It started when my eldest turned a year old as a way to include him when I was in the kitchen. Baking is in my lifeblood, something that was passed from my Granny to my Momma and from my Momma to me. It is something that relaxes me, almost a form of meditation. I wanted this to be true of my own children as well, and so I decided to simply start. For me, it was a way to create a core memory not only for my kids but for myself as well.

Here’s the thing: social media has a way of making it seem as though baking with little ones is this magical experience…and sometimes it isn’t. Yes, there are these amazing breakthrough moments where I can feel the magic, and I know that my child will remember this.

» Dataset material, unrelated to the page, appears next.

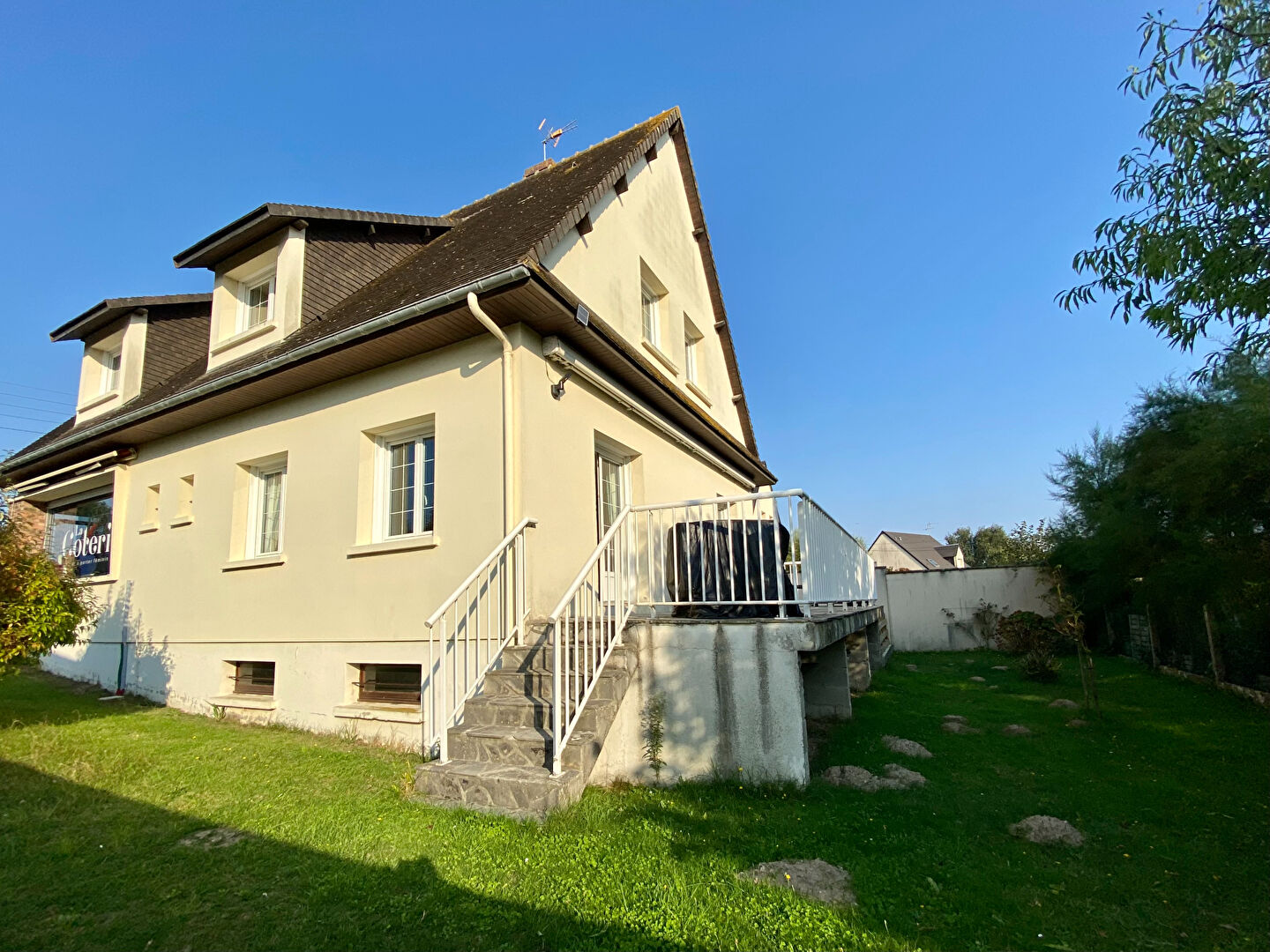 La maison bénéficie d'un séjour de 25 m² , une cuisine séparée avec accès à une terrasse de 30 m² plein sud , un jardin, un salon télé, et à l'étage 4 chambres, 2 salles de bain, 2 W.C et au sous-sol une cave avec laverie.

Most times, though? It is chaos.

Every week, we bake on Thursdays. There are no negotiations, no rainchecks. Usually, chocolate chip sprinkle cookies are made, but sometimes, every once in a while, I can convince my now four-year-old to make something else with me. We don’t do fancy things. There are not any long and involved baked goods with littles. But there are math lessons and reading opportunities mixed with plenty of batter tasting. We have these conversations about Mario Brothers and about his friends at school. I know that these moments are fleeting.

But, no matter how many times we do this, it is still messy. The recipe does not change. I still get frustrated when my son wants to do it “myself” and decides that we need the whole tub of sprinkles in a single batch. I still want to make the scoops of cookie dough perfectly spherical so that they create that bakery look once baked. It is still chaos every time we put on our aprons, even more so now with our one-year-old second child underfoot. There are weeks where there isn’t a morsel of magic to be found, the intention simply on baking for the sake of baking. There have been a handful of Thursdays where I didn’t want to bake, but my son did…and so we baked.

And maybe that’s the magic? Baking with littles forces me to embrace the mess, lean in, and just soak in every crumb.